Platelet adhesion to surface-bound protein on the subendothelium is the initial condition
of blood coagulation. Following adhesion, the platelets become activated and in turn generate thrombin and thromboxane A2
on their extracellular membranes and release ADP from intracellular stores to promote further platelet activation and aggregation. The release of these platelet agonists into the blood flowing over the adhered platelets is the boundary condition
that leads to platelet aggregation. The flux of these three agonists into flowing blood serves an important role in thrombosis and hemostasis. However, the combined function of such soluble agonists during clot formation under flow is unknown, since no method allows controlled fluxes of agonists into flowing blood. The relationship between solute flux and stable clot formation is a complex reaction–transport problem with coupled particle deposition. One example of altered solute flux is hemophilia, where deficiencies in clotting factors attenuates thrombin generation,26
which leads to unstable clots.27
It is less clear whether these clots are unstable because of diminished fibrin formation or diminished platelet activation, or both. The device described in this paper provides a method for manipulating solute flux that could be useful for studying hemophilia and other bleeding disorders.
The size and growth of a thrombus is limited by the interplay between activated platelets and intact endothelial cells. Endothelial cells secrete soluble molecules (nitric oxide, prostacyclin, ectonecleotidases) that control platelet reactivity in a process known as thromboregulation.28
The device presented in this paper could be extended to study thromboregulation with additional bottom channels for introduction of these platelet antagonists.
Incorporation of membranes into microfluidic devices is becoming increasingly common for on-chip filtration and separations, as well as a component for sensors, reactors, and cell culture.29
In this paper we incorporated commercially available membranes as fluidic resistor into a microfluidic device by modifying a technique first reported by Ismagilov and colleagues.30
This technique has been employed for screening biochemical interaction,30
generating chemical gradients,31
and monitoring communication between different cell types.32
A notable modification we have made was the use of vacuum assisted bonding.33
This reversible bonding technique allowed for post hoc
morphological analysis of platelet aggregates by electron and spinning disk confocal microscopy.
Track-etched polycarbonate membranes demonstrate both internal and external fouling under different operating conditions.24,25,34
Internal fouling describes the adsorption and deposition of molecules and particles onto the surface of the pore, and consequently reducing the pore size. External fouling describes the accumulation of larger particles and cells that cannot enter pores. We have chosen a membrane whose pores are much larger than any of the solutes we are interested in introducing into blood, but also small enough to exclude blood cells. However, we still observed fouling of the pores that led to significant flux decline over 25 min. This flux decline was most likely the result of internal fouling based on moderate transmembrane pressures and short length of the experiments.25
Other choices of membranes include cellulose acetate, polyvinylidene fluoride, or polysulfone. However, these other membranes have a minimum thickness on the order of 100’s microns, whereas the polycarbonate membranes are 5–15 μm thick. The membrane thickness is an important parameter in the multilayer device described in the paper. We attempted to use a cellulose acetate membrane (thickness = 110 μm) and found that the loss of fluid into the vacuum chamber was prohibitive.
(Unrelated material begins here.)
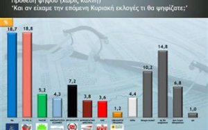 Ο ΣΥΡΙΖΑ έχει ένα ανεπαίσθητο προβάδισμα μόλις 0,1% στην πρόθεση ψήφου έναντι της Ν.Δ., ενώ η «ισοπαλία» αυτή αποτυπώνεται και στην εκτίμηση ψήφου με αναγωγή επί των εγκύρων: ΣΥΡΙΖΑ πρώτος με 28%, Ν.Δ. δεύτερη με 27,8%.

Solute transport was accurately predicted with an analytical model when convection was the dominant transport mechanism within the pores (Pe > 10). Although the model did not account for protein fouling, it was a good first-order etstimate of flux that only required two parameters, the membrane permeability and transmembrane pressure. The device was operated in two configurations that depended on the wall shear rate in the top channel. At higher wall shear rates (1000–2000 s−1), there was a large enough transmembrane pressure generated by the top channel to achieve predominantly convective transport in the pores. At these high shear rates, fluid was withdrawn (negative pressure) from both channels. At lower wall shear rates (250–500 s−1), the transmembrane pressure generated by the top channel was insufficient to ensure convective transport. Therefore, at these low shear rates, the bottom channel was infused (positive pressure) to compensate for small pressure drop in the top channel. In some applications, such as gradient generation, diffusion-mediated transport may be preferable. This mode of operation is achievable by withdrawing fluid from both channels at the same flow rate, provided the channels have the same length and cross-sectional area.
As a demonstration of the device, we examined the dependence of platelet aggregation on ADP flux. We observed that platelet activation, aggregation size, and aggregation height depended on the magnitude of ADP flux. At the lowest ADP flux considered, there was sparse adhesion of platelets and little evidence of aggregation and platelet–platelet tethering. At the higher fluxes, we observed aggregates of hundreds of activated platelets. The size and height of aggregates increased with increasing ADP flux. These observations agree with previous reports that platelet adhesion efficiency to fibrinogen coated surfaces increases with ADP induced activation.23
In addition, computational studies predict that a thicker agonist boundary layer yields greater platelet aggregation.35–37
In these computational studies, boundary layer thickness and thus platelet aggregation was modulated by changing the wall shear rate. However, increasing the agonist flux has a similar effect to decreasing the wall shear rate.